Over four and one-half years later, on December 19, 1986, plaintiffs filed a complaint against the individual defendants demanding the balance due on the note plus interest from the date of the last payment. Two years later on October 18, 1988 when the matter was approaching trial, plaintiffs moved to amend their complaint to add a demand for $14,602.52 which plaintiffs allegedly were compelled to pay as "indebtedness attached to that license which had been incurred by the defendants as a result of their nonpayment of suppliers' bills." In an accompanying certification they stated that these monies "were expended by plaintiffs to `clear' the liquor license of the obligations which attached to it as a result of the indebtedness of the defendants." These obligations were asserted to have "resulted from [defendants'] non-payment of suppliers' bills, and as a result thereof the liquor license could not be sold until these matters were disposed of."[2]

*654 Plaintiffs decided to pay off the "lien" to the suppliers in August 1983 even though they did not then have a buyer for the license or the business. The Assignment Judge determined that plaintiffs' motion to amend the complaint had been made too late, and the request was denied on November 15, 1988.

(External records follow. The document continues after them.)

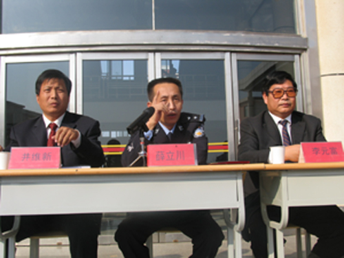 大會由黨委書記井維新主持。副院長李松濤宣讀了學院關于對違紀學生的處分決定。會上,學院正式聘請泰安市高新區公安局副局長薛立川同志為法制副院長,院長李元富同志為薛局長頒發了聘書。隨后,薛局長為同學們做了生動的法制報告,報告既深入淺出又通俗易懂,通過典型案例的分析,對學生觸動很大,使學生進一步認識到違法犯罪帶來的危害,使全校師生對違法犯罪的根源有了進一步的認識,提高了同學們學法、知法、守法的自覺性。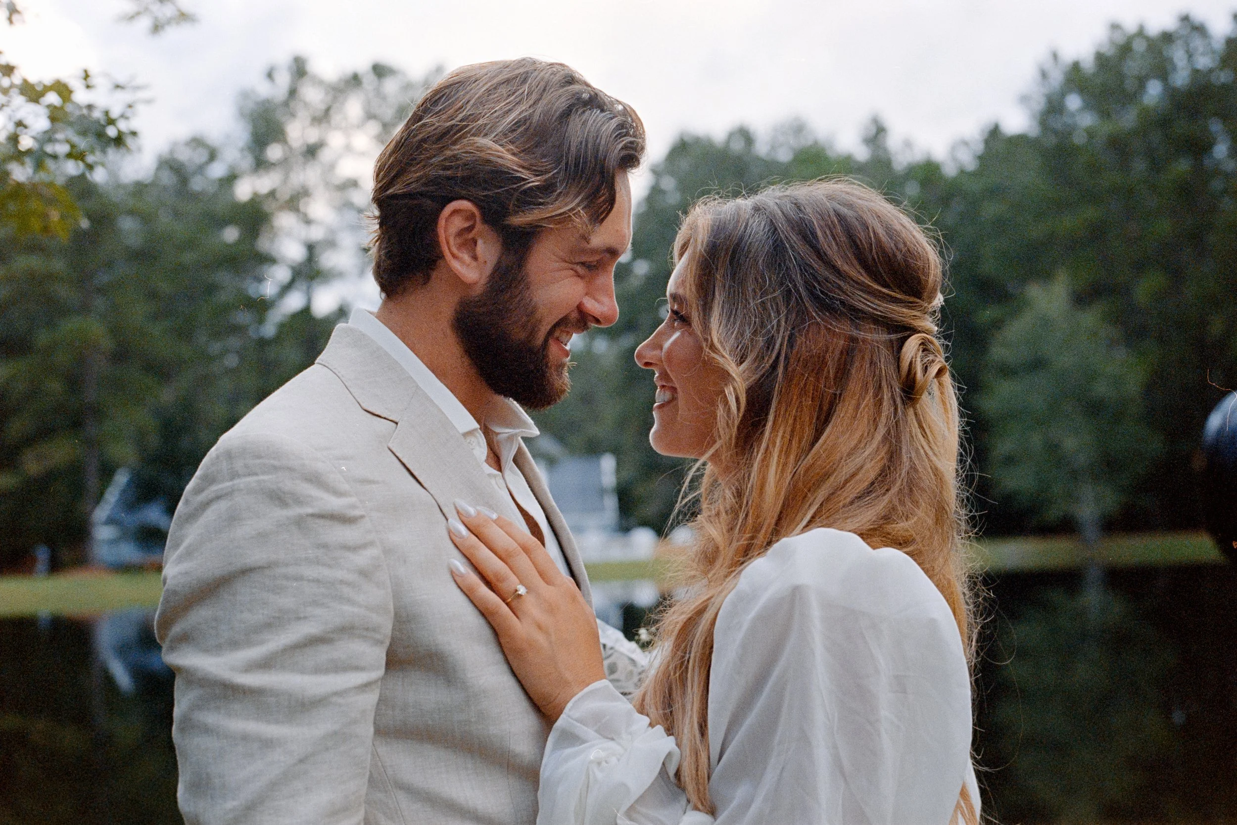 lovers by the lake #weddingdress #weddingflowers #weddinginspo #weddingcake #weddingphotography Madeline Daniel #engagement #wedding #weddinginspiration #weddingrings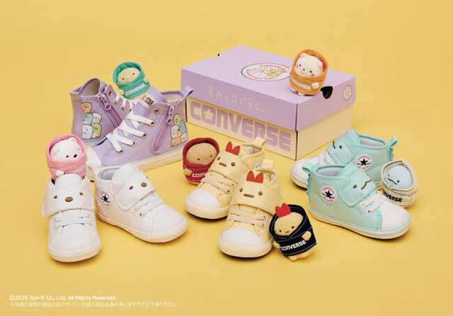 今回のコラボレーションでは、コンバースを代表するモデル「オールスター」やデイリーユースにおすすめのランニングモデルに、すみっコたちが可愛らしくデザインされたシューズが登場します。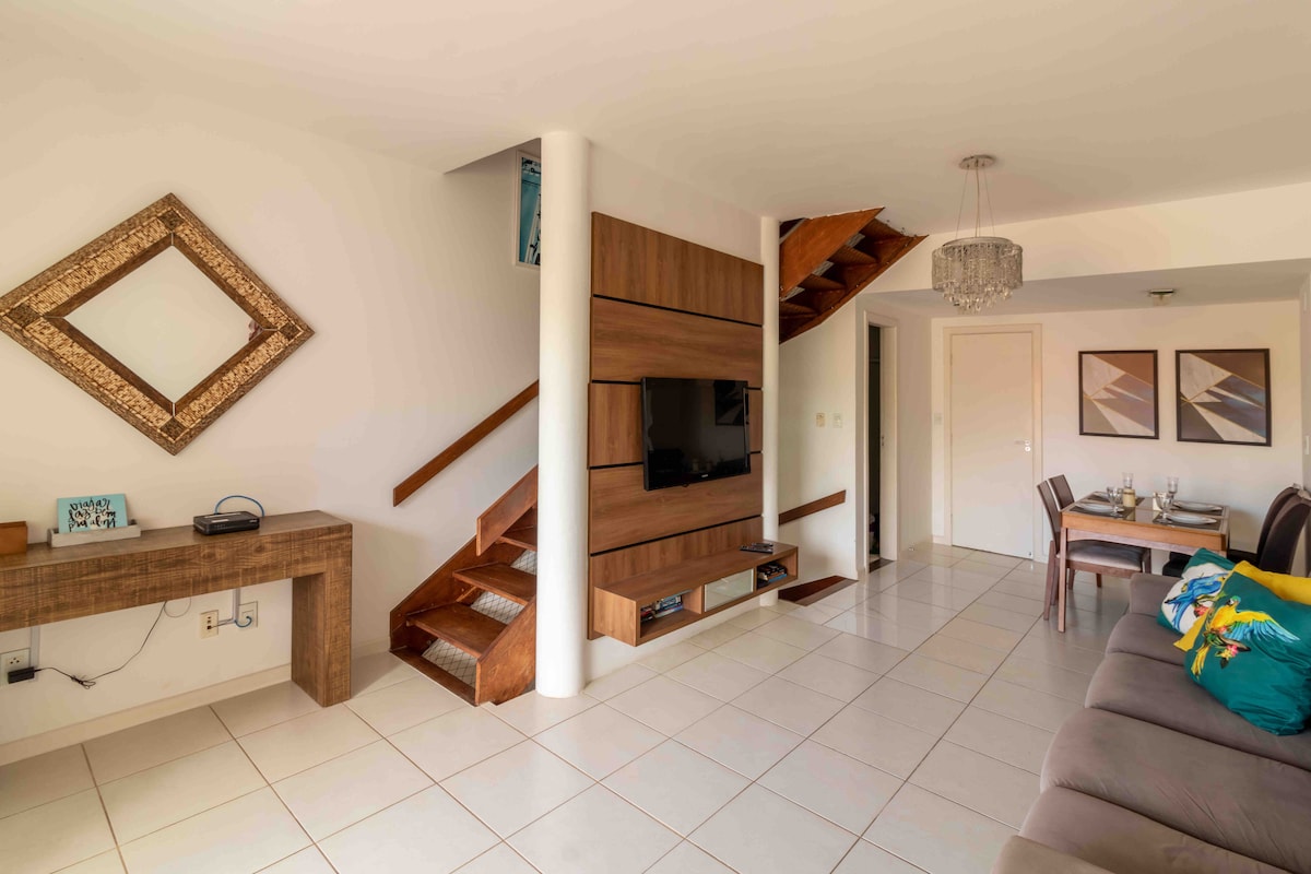 Casa em Condomínio frente Orla com infraestrutura p práticas esportivas. Imóvel praiano c visão total para o mar . Ideal para descansar e trabalhar remoto , wi-fi 500 mega . 1/4 com ar-condicionado , roupas de cama e banho , sala com sofá cama, piscina , garagem privativa . Sinta-se acolhido e abraçado pela experiência incrível desse lugar tranquilo e bem localizado , beira mar e próximo a Mercados, Farmácias , Restaurantes , Academia, 10 min. do Aero e 25 min. da Rodoviária. Bem vindo(a)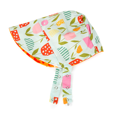 造型时尚可爱的美国制造儿童双面遮阳帽! 全棉材质柔软舒适, 柔软可随意翻转的帽沿, 可随意调节并两面使用的摁扣式绑带,双面图案, 精细的手工加工质量, 为宝贝的四季增添贴心又俏皮的色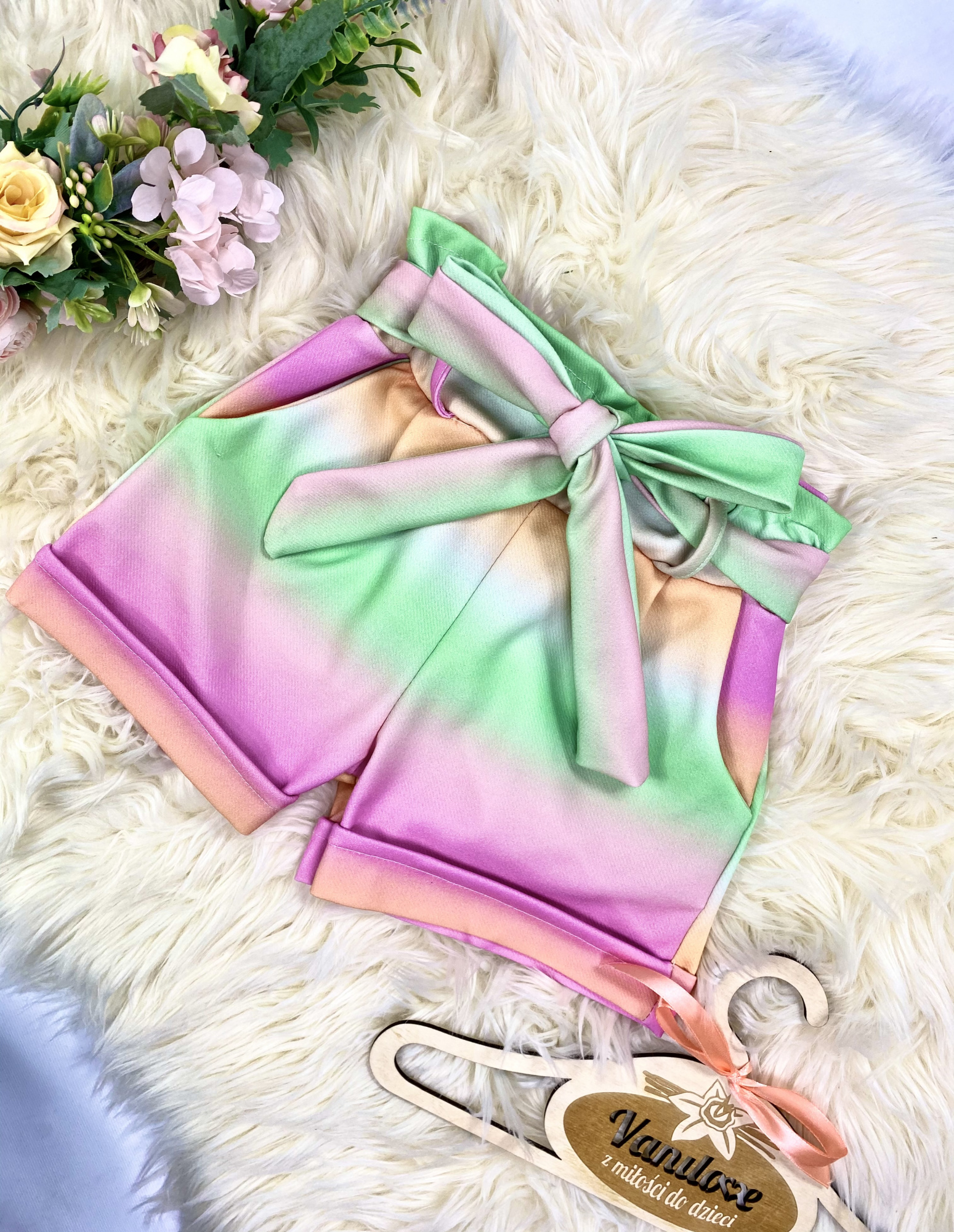 • spodenki w pasie posiadają elastyczną gumkę oraz dodatkowe wiązanie, po bokach kieszonki

The first of the trials of this matter was held before the initial trial judge on December 9, 1988. On December 23, 1988 in his oral decision he stated that plaintiffs had a right to full payment on the note from the individuals who guaranteed it, and that plaintiffs had no legal duty to cooperate in the buy-out of the business by the potential purchasers whom defendants had introduced to them. Judgment was therefore entered in the amount of $57,931.23 plus interest to the date of the last payment.

Defendants then moved for reconsideration, and on April 18, 1989 the judge vacated the original judgment and ordered a new trial. However two months later on June 12, 1989, he entered judgment against the defendants in the amount of $93,415.49. On July 14, 1989 he vacated his June 12, 1989 order and again ordered a new trial.

The second trial was held before a new judge on May 22nd and on May 29, 1990. After an oral decision made on the final day of trial, a written decision was entered June 14, 1990 in which the judge denied plaintiffs' claim on the note. Specifically, he found that defendants met their duty to mitigate damages by presenting good faith purchasers ready, willing and able to purchase the business and license. Although plaintiffs claimed in the new trial that their lawyer had vetoed the new *655 arrangement, the judge determined that plaintiffs themselves had refused to cooperate.

Without reference to the assignment judge's 1988 denial of plaintiffs' motion to amend the complaint to assert a claim for the sums expended to pay the suppliers and remove the "liens" on the license, the judge reinstated this claim. Louis Block in his testimony quantified the claim to be "around $10,000."[3] The judge stated as his reason for entering the judgment (limited to this claim) that a "plaintiff is always entitled to recover those amounts of money not included in the terms of the contract which he assumed or necessarily expended to protect the value of the collateral." He thus entered the judgment for $9,473.73 plus legal interest since 1983, or a total of $19,336.20.